Given these two examples paint a somewhat tough idea of the issues associated with PTAs, let us try to focus on the future implications of such PTAs. Especially in Bangladesh. The most popularly known PTAs Bangladesh has had over the decades were four such very systematically chosen ones. The idea of them was to bridge the gaps between trade of similar regional countries, and to liberalize trade. This was formed to reap maximum benefits of the welfare gains that the PTAs would assimilate. However, due to socio-economic and political setbacks these South Asian countries had somehow impeded some of those benefits. The performance never seemed to reach the ultimate goals. And a lot of the potentials that these countries showed seemed to slowly be stunted due to some of these internal and external factors.

 

Regardless of the situation caused by PTAs, we can still be hopeful that changes are brought about in future implementation of PTAs in Bangladesh. Some good points have been discussed by UNESCAP to better implement them. The below are those such points.

Preferential Trade Agreements may be a stepping stone for future engagements for Bangladesh with countries, to expedite its development and nurture relationships abroad.

Tariff rates to be even lowered- With the trade agreements come lower tariff rates. But, how low is low? It has to be low enough to make trade go smoothly for it to work. In the past it seems as though the PTAs fell short in this aspect.

Export promoting policies to be adopted- Policies designed to promote exports are highly beneficial. Policies which aim at even reducing prices and boosting the economy with essential products, would be a good call as the PTA is imposed. Or other promoting strategies may also be a point to think about. The specially formed policies could create less friction in the trade system between the countries, as evident in other parts of the world.
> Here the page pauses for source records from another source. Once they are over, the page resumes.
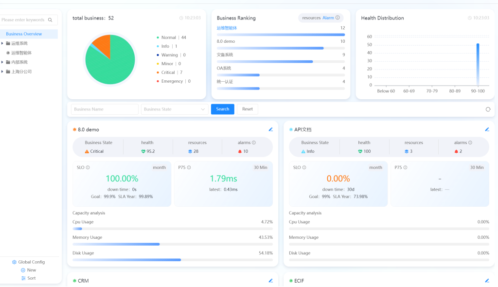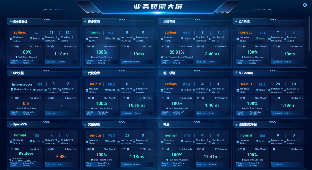 Equipped with exclusive display modules for business architectures (e.g., OA systems, ERP systems, code repositories, disaster recovery systems, etc.). It identifies business status (normal/abnormal) and presents health scores, resource/alert counts, SLO (Service Level Objective) achievement status for business services, P75 load metrics and more.
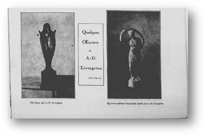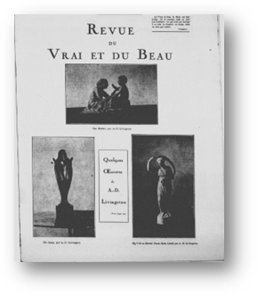 In July of 1928, Revue du Vrai et du Beau published a short article on a selection of sculptures by Alice D. C. Livingston accepted for display at the Pennsylvania Academy of Fine Arts that year. Although relatively short, this is the only published piece we have been able to find on Alice’s work and her exhibition history as an artist. Finding any publication on her work, especially one contemporary to the time in which she was actively making and showing her sculptures, is fortunate considering she was a self-taught artist and came into her visual art practice later in life. From oral histories as well as her own recollections and albums, we know that Alice began to sculpt in 1925 at the age of 53, at which point her two daughters were in their mid-teens. Revue notes this, stating that her late start in sculpting, or “modeling,” was due to her occupation with society and family. Interestingly, rather than labeling her an amateur, they praise her work as original because of the unique viewpoint and technique she developed through the process of teaching herself to sculpt. This is unusual in that her seemingly marginal position as someone who was not trained within the conventions of the academy is viewed as a strength rather than an indication of inferiority: “…all figures [have] an intensity of life, a purity of lines, a delicacy of model and a harmony of proportion which testify to the virtuosity of talent, in full possession of a very personal technique…Having never had the leisure to take lessons or follow courses, she was her own teacher, hence, no doubt, this note of personal originality that I am pointing out” (Revue, 15, 16).
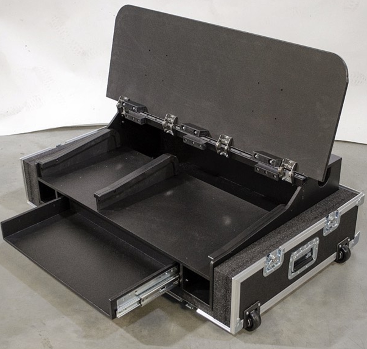 Ska börja med att bygga om den (inredning, butterflylås mm), sen köpte jag 2 st Asus 19" touchskärmar som får åka i plastväskor från Clas Ohlson.
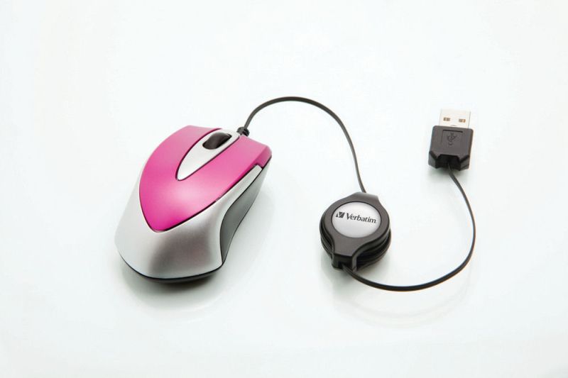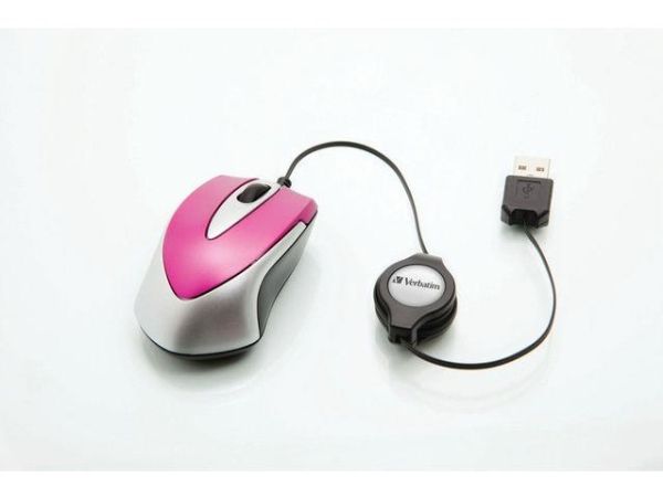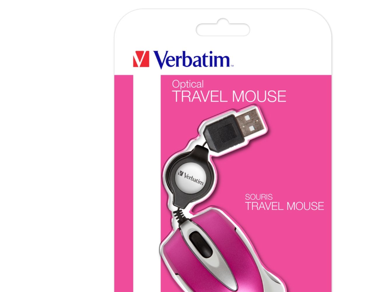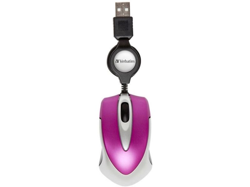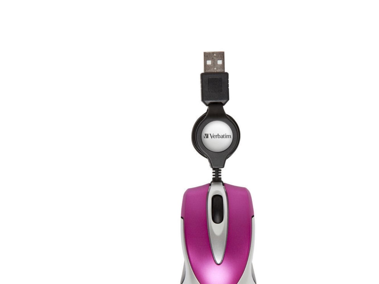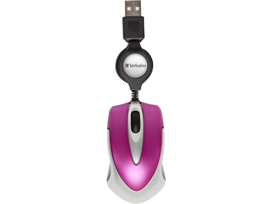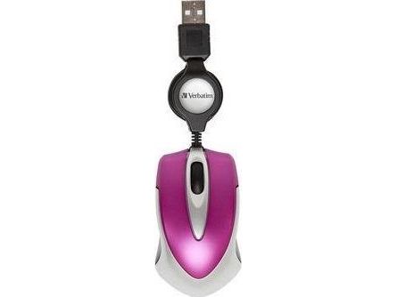 Verbatim Go Mini Optical Travel Mouse - Mus - høyre- og venstrehåndet - optisk - 3 knapper - kablet - USB - varm rosa

Harmonizing standards and policies- Harmonizing the difficulties within the trading system is one to look out for. It can bridge future entanglements with the countries in a better light once some root standards and policies are in harmony. Especially if all these countries operate on a similar note as states, emphasizing similar priorities in their policies.
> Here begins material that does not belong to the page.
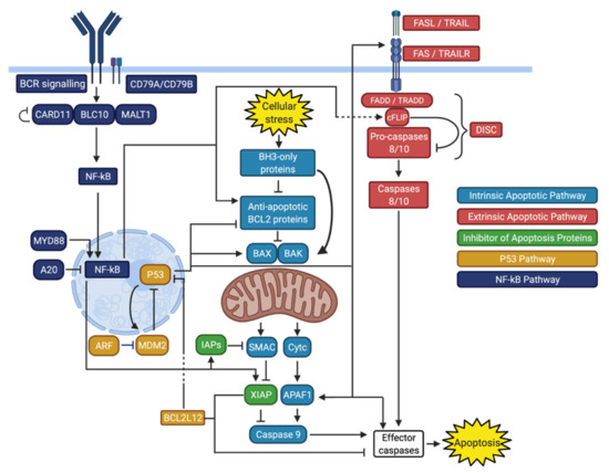 A hallmark of cancer, including DLBCL, is the occurrence and accumulation of genetic alterations that promote malignant cell survival via inhibition of apoptosis [21]. This survival advantage can be exacerbated by the selective pressure imposed by therapies such as R-CHOP and is a major factor in the development of resistance to chemotherapy [22,23]. Accordingly, relapsed and refractory DLBCL (rrDLBCL) have a distinct genetic landscape that further inhibits apoptosis, contributing to resistance to additional chemotherapy and a poor outcome [4,7,24,25]. Understanding apoptotic pathways in DLBCL and the genetic factors contributing to their inhibition has the potential to dramatically improve the prognosis of DLBCL, notably by facilitating the development of targeted therapies that could selectively relieve apoptotic blockade and therefore restore response to treatment. Herein, the genetic events leading to inhibition of apoptosis in DLBCL are described (Table 2). The intrinsic and extrinsic apoptotic pathways, as well as their modulators, will be discussed.
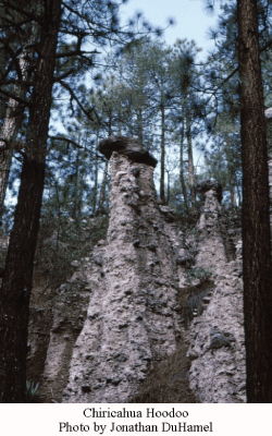 The Chiricahua Mountains of southeastern Arizona where once the site of very explosive volcanic eruptions. They now host some very interesting rock formations including hoodoos, rock spires, and balanced rocks. (All are erosional forms which develop into fantastic pinnacles, towers and grotesques shapes. Hoodoos have a cap rock.)

Improve political relations of the states- The removal of political unease is somewhat a given. It can not only shape a better PTA, but the implementation and carrying through of the agreement may run seamlessly. As per previous data shows, political involvements have caused some mayhem between countries even after they settled on their interests.

To conclude, it is important to understand holistically the range of benefits PTAs bring about. Especially for a developing, blooming country like Bangladesh. The relationships that can be fostered with other countries for the future remains a vital reason for execution. It not only vouches for lower prices on goods, but the effects which it carries may help hoist it up from various difficulties. Difficulties which as a developing state alone, Bangladesh may find hard to tackle. Thus, the PTAs which are designed or are in the works have to be made in a way that accords to the needs of all countries. Keeping all of their interests in consideration and harmonizing their wishes. If so, there could be a real win-win out of the PTAs.

For Bangladesh alone, it has potential to flourish it for the coming years in plenty of ways. Much of it may be initially unseen as the PTAs get into implementation. But the goal has to be to bring it out of its difficulties and verge into a future which has in store new and improved possibilities. PTAs therefore, are tools of tomorrow. It should be kept in mind when designing them between the list of mutual countries.